Entries supplied:

########

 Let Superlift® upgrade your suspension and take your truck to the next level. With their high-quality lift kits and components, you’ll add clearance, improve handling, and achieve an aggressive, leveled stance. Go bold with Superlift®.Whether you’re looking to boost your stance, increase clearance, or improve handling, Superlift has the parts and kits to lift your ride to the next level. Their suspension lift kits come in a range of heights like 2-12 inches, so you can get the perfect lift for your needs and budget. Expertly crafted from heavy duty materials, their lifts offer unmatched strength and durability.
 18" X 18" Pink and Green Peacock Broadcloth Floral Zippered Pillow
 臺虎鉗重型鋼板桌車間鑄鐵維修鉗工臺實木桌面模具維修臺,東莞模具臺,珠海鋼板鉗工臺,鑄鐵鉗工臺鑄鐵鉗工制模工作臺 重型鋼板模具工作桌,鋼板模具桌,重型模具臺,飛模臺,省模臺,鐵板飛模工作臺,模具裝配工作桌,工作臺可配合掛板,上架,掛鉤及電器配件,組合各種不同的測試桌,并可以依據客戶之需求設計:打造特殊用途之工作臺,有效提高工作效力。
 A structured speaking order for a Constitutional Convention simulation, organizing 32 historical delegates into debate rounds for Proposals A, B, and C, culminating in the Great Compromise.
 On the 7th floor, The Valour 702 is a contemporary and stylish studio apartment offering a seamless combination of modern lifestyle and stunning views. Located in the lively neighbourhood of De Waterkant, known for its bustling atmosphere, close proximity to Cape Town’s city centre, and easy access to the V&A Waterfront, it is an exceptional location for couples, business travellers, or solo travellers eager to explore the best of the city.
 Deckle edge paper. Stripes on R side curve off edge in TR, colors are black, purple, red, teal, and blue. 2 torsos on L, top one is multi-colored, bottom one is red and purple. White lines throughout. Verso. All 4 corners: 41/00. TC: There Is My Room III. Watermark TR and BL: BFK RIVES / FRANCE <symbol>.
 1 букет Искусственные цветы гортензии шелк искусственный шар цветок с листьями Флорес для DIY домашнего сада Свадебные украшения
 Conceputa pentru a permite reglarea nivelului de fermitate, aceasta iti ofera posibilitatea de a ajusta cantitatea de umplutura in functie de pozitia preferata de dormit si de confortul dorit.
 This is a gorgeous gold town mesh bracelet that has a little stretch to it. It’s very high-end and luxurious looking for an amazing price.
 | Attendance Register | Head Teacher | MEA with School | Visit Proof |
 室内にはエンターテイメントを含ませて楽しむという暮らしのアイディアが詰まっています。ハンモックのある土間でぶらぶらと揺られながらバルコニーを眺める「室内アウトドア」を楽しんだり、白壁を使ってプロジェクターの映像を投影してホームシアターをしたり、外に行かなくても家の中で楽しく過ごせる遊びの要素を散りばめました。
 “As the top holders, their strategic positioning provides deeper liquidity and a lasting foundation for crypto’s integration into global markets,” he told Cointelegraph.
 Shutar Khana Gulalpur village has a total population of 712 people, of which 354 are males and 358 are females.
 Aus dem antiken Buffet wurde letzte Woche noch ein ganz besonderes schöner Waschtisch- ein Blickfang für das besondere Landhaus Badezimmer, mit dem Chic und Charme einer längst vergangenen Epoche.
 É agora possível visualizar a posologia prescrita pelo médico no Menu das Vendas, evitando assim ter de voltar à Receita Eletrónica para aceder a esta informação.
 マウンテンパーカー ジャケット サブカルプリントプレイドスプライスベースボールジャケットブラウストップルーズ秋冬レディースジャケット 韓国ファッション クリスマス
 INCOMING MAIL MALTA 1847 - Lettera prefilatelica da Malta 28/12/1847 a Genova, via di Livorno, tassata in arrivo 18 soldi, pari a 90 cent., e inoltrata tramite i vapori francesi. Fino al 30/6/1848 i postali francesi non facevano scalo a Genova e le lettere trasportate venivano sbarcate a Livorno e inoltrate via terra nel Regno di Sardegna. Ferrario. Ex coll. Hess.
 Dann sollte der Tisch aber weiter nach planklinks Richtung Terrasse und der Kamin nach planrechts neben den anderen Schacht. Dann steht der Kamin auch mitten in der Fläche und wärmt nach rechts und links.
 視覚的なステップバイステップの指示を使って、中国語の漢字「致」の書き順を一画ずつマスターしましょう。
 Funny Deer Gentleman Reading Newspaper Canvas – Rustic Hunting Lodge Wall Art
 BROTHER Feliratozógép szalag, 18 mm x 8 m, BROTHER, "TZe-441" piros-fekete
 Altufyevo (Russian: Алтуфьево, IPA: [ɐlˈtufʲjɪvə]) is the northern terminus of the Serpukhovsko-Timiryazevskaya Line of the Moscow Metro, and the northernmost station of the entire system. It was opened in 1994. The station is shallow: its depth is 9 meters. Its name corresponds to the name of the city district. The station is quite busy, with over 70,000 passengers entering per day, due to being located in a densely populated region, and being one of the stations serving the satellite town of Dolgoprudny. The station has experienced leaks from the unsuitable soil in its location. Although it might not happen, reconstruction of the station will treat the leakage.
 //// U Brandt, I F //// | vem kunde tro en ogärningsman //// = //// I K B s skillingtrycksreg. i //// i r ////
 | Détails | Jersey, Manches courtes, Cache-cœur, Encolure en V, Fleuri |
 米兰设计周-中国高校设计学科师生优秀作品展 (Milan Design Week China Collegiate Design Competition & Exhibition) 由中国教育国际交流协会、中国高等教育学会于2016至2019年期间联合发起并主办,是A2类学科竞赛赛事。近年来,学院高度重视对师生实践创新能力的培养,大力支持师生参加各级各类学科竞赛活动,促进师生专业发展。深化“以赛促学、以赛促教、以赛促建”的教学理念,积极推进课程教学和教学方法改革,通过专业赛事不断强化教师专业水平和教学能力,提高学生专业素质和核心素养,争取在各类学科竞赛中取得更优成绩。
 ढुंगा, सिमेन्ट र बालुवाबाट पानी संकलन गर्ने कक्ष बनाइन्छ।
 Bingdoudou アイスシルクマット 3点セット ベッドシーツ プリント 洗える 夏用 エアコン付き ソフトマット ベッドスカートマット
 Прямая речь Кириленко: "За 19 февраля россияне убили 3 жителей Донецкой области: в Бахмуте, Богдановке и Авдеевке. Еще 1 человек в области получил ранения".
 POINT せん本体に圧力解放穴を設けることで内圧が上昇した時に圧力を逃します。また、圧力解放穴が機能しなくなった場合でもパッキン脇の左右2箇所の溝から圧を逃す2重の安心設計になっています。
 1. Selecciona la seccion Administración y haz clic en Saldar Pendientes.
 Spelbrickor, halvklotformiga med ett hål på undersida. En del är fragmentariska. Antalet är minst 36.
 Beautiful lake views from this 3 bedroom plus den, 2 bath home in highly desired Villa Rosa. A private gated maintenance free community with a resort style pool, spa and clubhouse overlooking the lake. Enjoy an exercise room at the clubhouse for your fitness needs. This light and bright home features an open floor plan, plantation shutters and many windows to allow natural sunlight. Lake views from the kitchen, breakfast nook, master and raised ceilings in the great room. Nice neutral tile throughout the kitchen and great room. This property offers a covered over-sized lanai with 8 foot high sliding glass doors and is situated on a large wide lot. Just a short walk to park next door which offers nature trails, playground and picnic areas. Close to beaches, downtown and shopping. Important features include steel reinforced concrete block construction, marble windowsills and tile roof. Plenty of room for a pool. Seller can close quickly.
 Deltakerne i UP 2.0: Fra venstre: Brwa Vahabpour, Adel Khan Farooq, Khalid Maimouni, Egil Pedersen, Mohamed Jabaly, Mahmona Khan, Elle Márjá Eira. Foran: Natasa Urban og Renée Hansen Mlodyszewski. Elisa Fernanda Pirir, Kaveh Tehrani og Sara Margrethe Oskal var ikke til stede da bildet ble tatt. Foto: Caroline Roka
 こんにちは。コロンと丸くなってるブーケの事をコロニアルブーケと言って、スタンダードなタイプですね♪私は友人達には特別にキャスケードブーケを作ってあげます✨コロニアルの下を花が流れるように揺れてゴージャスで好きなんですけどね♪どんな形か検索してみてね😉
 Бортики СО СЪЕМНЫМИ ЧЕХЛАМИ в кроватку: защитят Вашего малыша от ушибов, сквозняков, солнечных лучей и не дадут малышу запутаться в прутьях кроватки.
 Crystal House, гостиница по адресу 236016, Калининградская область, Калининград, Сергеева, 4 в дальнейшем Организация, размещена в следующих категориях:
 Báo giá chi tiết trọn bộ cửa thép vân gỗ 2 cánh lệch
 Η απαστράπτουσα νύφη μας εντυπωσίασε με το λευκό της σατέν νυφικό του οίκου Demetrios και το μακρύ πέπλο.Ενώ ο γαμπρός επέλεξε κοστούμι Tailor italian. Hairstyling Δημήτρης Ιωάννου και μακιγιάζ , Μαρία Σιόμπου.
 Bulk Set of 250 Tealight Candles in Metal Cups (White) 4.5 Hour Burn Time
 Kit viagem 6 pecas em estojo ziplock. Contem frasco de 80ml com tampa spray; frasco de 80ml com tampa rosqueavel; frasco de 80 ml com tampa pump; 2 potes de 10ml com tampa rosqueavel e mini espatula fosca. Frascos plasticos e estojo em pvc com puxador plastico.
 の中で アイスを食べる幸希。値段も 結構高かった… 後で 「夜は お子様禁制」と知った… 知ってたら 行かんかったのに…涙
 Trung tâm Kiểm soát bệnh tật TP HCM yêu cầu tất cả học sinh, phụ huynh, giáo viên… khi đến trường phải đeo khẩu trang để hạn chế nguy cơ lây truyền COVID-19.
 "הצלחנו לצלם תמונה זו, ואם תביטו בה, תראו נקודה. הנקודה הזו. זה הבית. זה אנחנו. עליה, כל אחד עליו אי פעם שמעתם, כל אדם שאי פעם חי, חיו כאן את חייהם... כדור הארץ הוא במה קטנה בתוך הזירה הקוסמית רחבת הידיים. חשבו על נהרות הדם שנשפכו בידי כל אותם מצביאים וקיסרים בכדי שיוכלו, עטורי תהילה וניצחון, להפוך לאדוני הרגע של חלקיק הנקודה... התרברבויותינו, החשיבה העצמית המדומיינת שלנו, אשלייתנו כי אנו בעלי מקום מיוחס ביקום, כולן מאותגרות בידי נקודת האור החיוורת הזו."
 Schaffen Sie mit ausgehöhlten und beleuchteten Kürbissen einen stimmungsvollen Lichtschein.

########

Description of the task:
Please state how many lines in the records above hold the word "which", giving only the number.

Solved exercise:
2